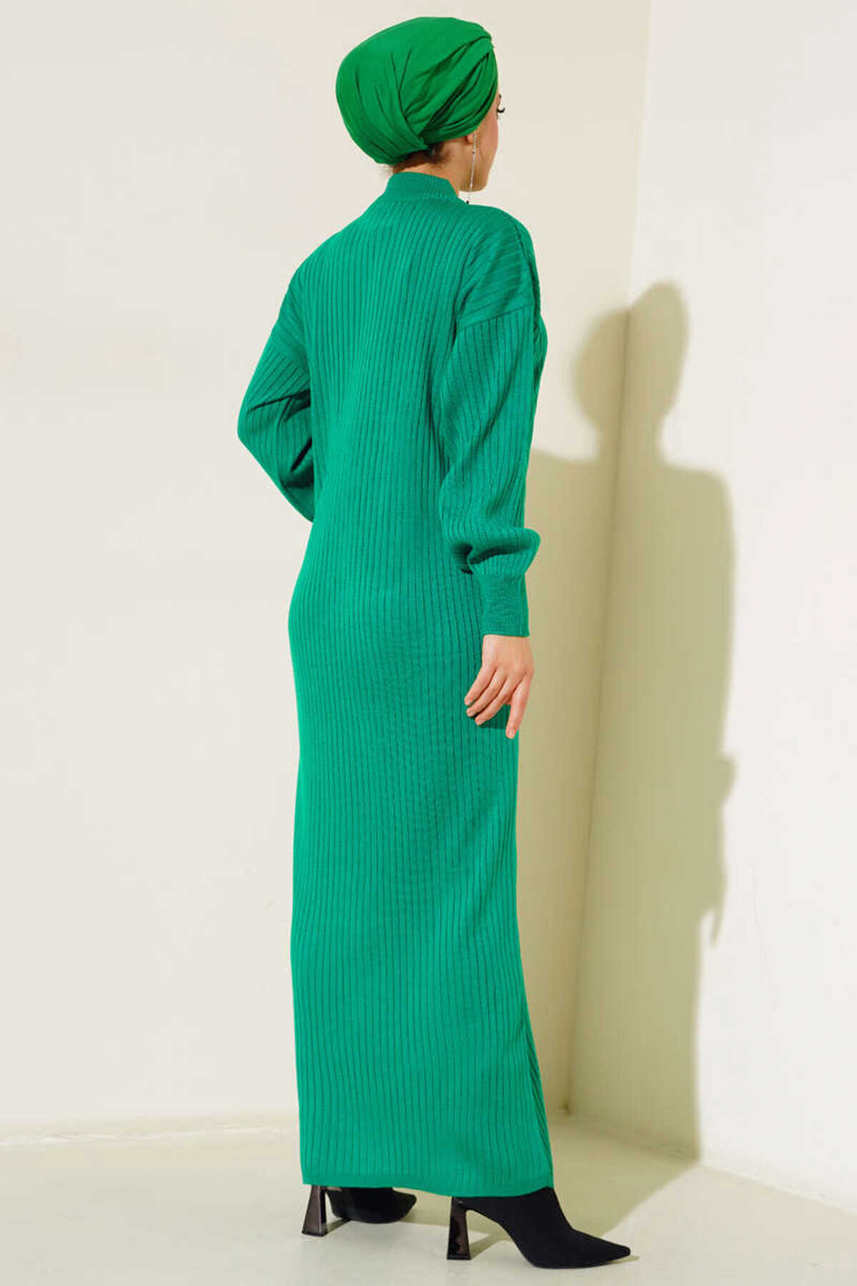15900 Boydan Tesettür Triko Elbise - Yeşil - Kombin
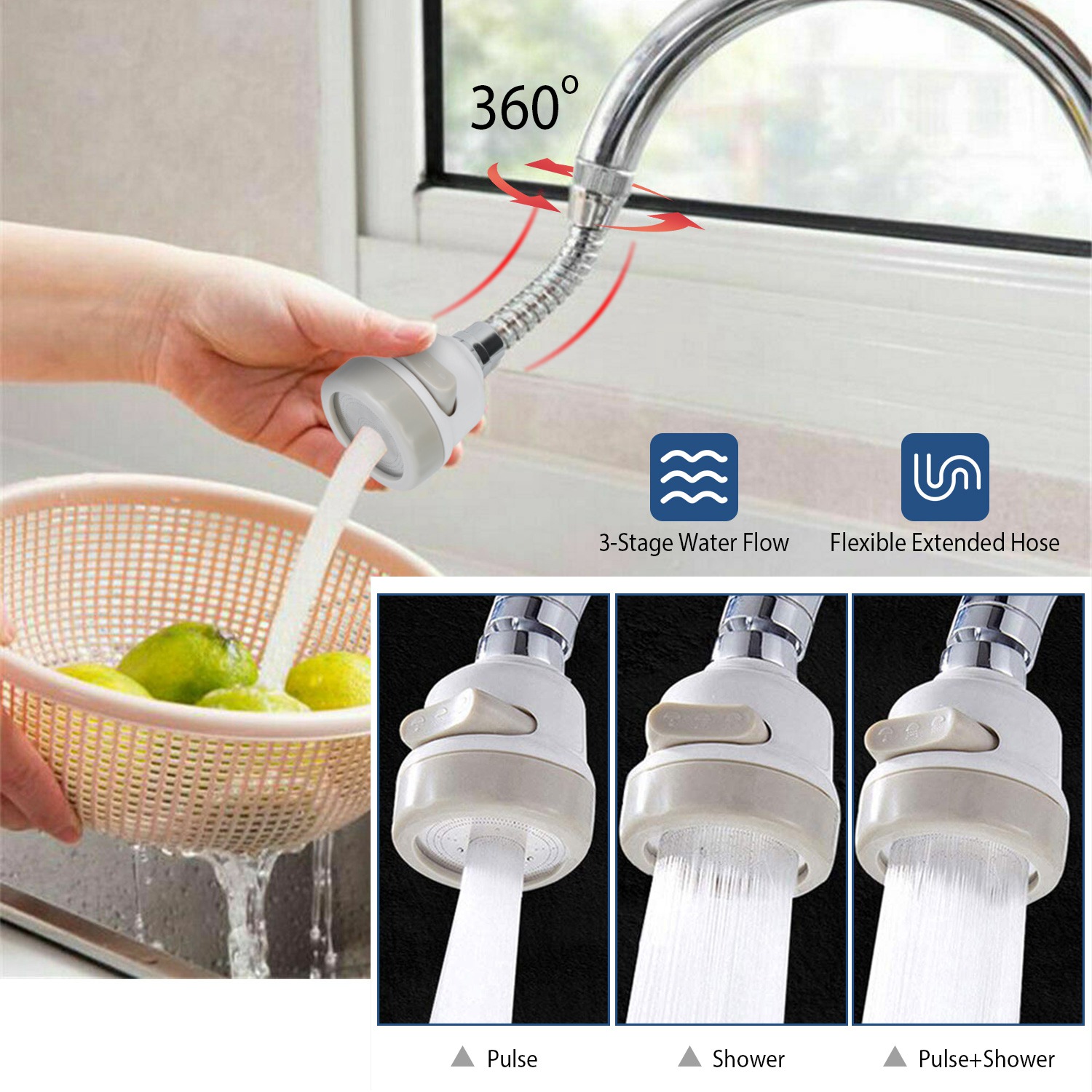 Home > Movable Kitchen Tap Head 360° Rotatable Swivel Water-Saving Faucet Anti-Splash Sink Tap Head Spray Aerator w/ Three Modes Flexible Extended Hose For H
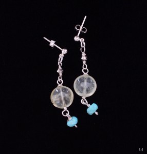 ⌀10mmのプリナイトはとても落ち着いたトーン、クリアブルーのスリーピングビューティターコイズがよく映えます。お手元のターコイズのジュエリーとのコーデもどうぞ。ピアスホールからの長さは36mm。
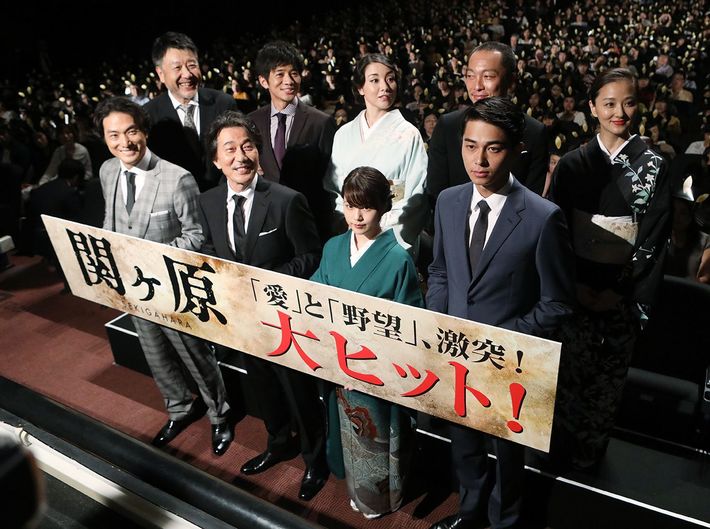 映画「関ヶ原」のロードショーが始まり、舞台あいさつする東出昌大さん(前列右端)ら出演者=2017年8月26日、東京都千代田区

Aim of the task: All of the listing above must be output exactly, except for its pictures.

Reply to the exercise:
15900 Boydan Tesettür Triko Elbise - Yeşil - Kombin
 Home > Movable Kitchen Tap Head 360° Rotatable Swivel Water-Saving Faucet Anti-Splash Sink Tap Head Spray Aerator w/ Three Modes Flexible Extended Hose For H
 ⌀10mmのプリナイトはとても落ち着いたトーン、クリアブルーのスリーピングビューティターコイズがよく映えます。お手元のターコイズのジュエリーとのコーデもどうぞ。ピアスホールからの長さは36mm。
 映画「関ヶ原」のロードショーが始まり、舞台あいさつする東出昌大さん(前列右端)ら出演者=2017年8月26日、東京都千代田区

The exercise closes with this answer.